With the pictures left out, set down the line containing "و اگر میخواهید" and each line after it to the end of the material, exactly as written.

[DATA SHOWN]
┄┄┄┄┄┄┄┄┄┄┄┄┄┄┄┄┄┄┄┄

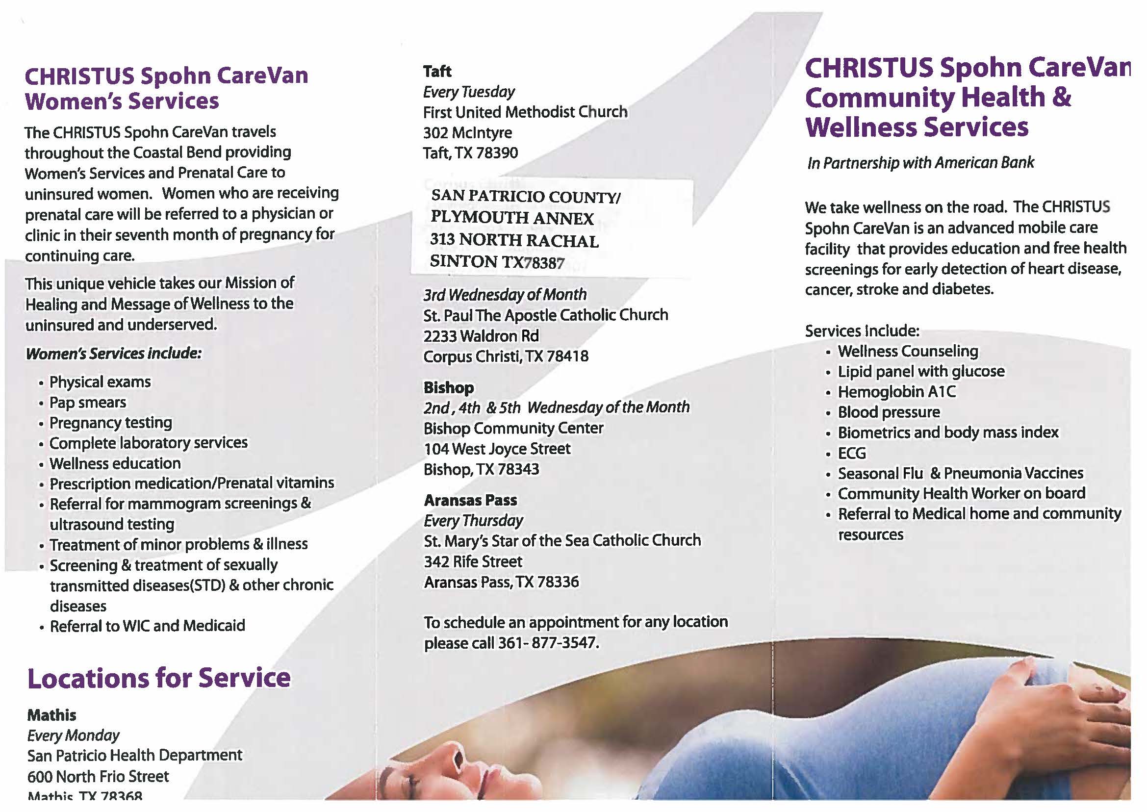 Free Care Van Women’s Services located at 714 E Concho (church parking lot today) see brochure for other locations
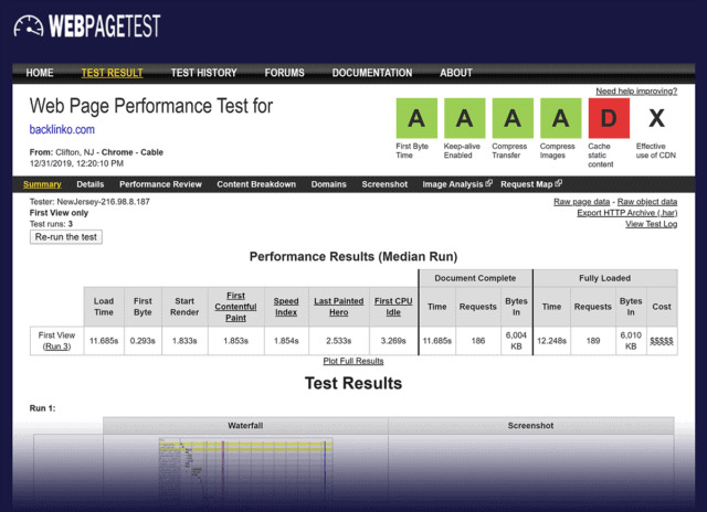 و اگر میخواهید بیشتر در مورد عواملی که سرعت سایت شما را کند میکنند کاوش کنید، میتوانید صفحهای از وبسایت خود را از طریق WebPageTest.org نیز اجرا کنید.
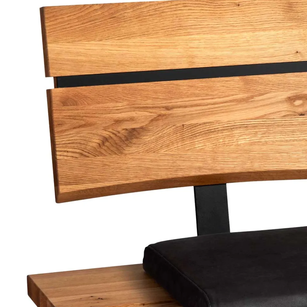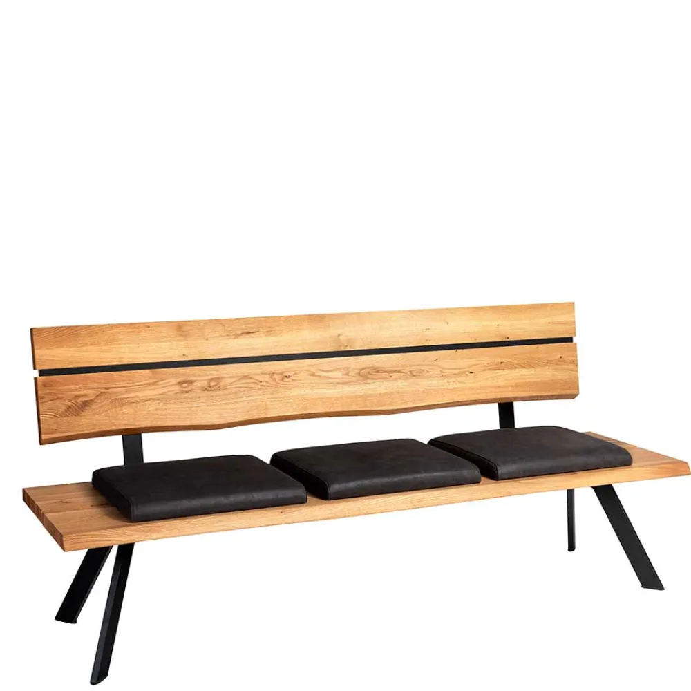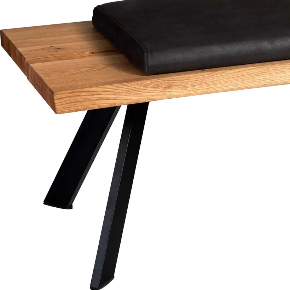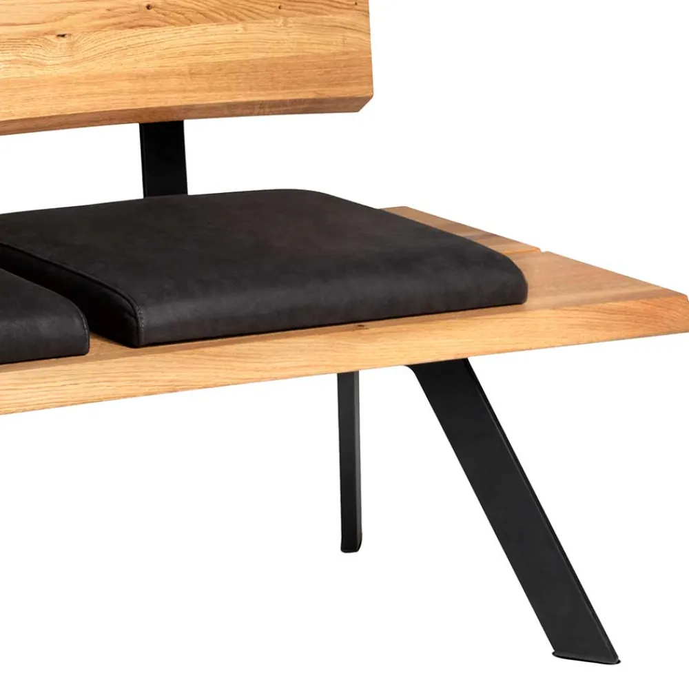 Gefertigt aus massivem Wildeichenholz, strahlt die Bank „Piton“ eine natürliche Wärme und Beständigkeit aus. Die geölte Oberfläche des Holzes betont die einzigartige Maserung und schützt gleichzeitig vor alltäglichen Beanspruchungen. Für zusätzlichen Sitzkomfort sorgen die drei verschiebbaren Sitzpolster, die mit hochwertigem schwarzem Echtleder bezogen sind. Unter den Polstern befindet sich eine komfortable Schaumstoffpolsterung, die für angenehmen Sitzkomfort sorgt. Die pulverbeschichteten Metallbeine in schräger Konstruktion gewährleisten eine stabile und sichere Standfestigkeit, selbst bei intensiver Nutzung. Ein weiteres Highlight ist die leicht geneigte Rückenlehne aus Massivholz, die mit einem schwarzen Hochdrucklaminat-Einsatz veredelt wurde – so ist nicht nur die Optik, sondern auch die Anlehnung optimal.

┄┄┄┄┄┄┄┄┄┄┄┄┄┄┄┄┄┄┄┄

[TASK RESULT]
 و اگر میخواهید بیشتر در مورد عواملی که سرعت سایت شما را کند میکنند کاوش کنید، میتوانید صفحهای از وبسایت خود را از طریق WebPageTest.org نیز اجرا کنید.
 Gefertigt aus massivem Wildeichenholz, strahlt die Bank „Piton“ eine natürliche Wärme und Beständigkeit aus. Die geölte Oberfläche des Holzes betont die einzigartige Maserung und schützt gleichzeitig vor alltäglichen Beanspruchungen. Für zusätzlichen Sitzkomfort sorgen die drei verschiebbaren Sitzpolster, die mit hochwertigem schwarzem Echtleder bezogen sind. Unter den Polstern befindet sich eine komfortable Schaumstoffpolsterung, die für angenehmen Sitzkomfort sorgt. Die pulverbeschichteten Metallbeine in schräger Konstruktion gewährleisten eine stabile und sichere Standfestigkeit, selbst bei intensiver Nutzung. Ein weiteres Highlight ist die leicht geneigte Rückenlehne aus Massivholz, die mit einem schwarzen Hochdrucklaminat-Einsatz veredelt wurde – so ist nicht nur die Optik, sondern auch die Anlehnung optimal.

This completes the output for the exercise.